- [Given entries]

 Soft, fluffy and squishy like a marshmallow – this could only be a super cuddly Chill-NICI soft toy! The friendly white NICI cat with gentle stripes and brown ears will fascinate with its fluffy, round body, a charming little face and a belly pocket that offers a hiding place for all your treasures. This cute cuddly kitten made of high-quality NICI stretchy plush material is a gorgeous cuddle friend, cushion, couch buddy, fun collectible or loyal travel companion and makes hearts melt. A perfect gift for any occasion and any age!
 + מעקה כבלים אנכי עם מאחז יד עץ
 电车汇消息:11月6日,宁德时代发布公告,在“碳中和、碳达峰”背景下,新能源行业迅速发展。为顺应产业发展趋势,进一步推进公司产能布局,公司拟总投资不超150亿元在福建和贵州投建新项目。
* * *
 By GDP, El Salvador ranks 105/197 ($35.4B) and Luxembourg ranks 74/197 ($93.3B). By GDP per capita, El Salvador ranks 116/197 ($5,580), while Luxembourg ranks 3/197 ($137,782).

- [What you have to do] Of the entries above, repeat exactly the lines between the line with "עם מאחז יד עץ" and the line with "电车汇消息:11月6日,宁德", inclusive, and no others.

- [Result of this exercise]
 + מעקה כבלים אנכי עם מאחז יד עץ
 电车汇消息:11月6日,宁德时代发布公告,在“碳中和、碳达峰”背景下,新能源行业迅速发展。为顺应产业发展趋势,进一步推进公司产能布局,公司拟总投资不超150亿元在福建和贵州投建新项目。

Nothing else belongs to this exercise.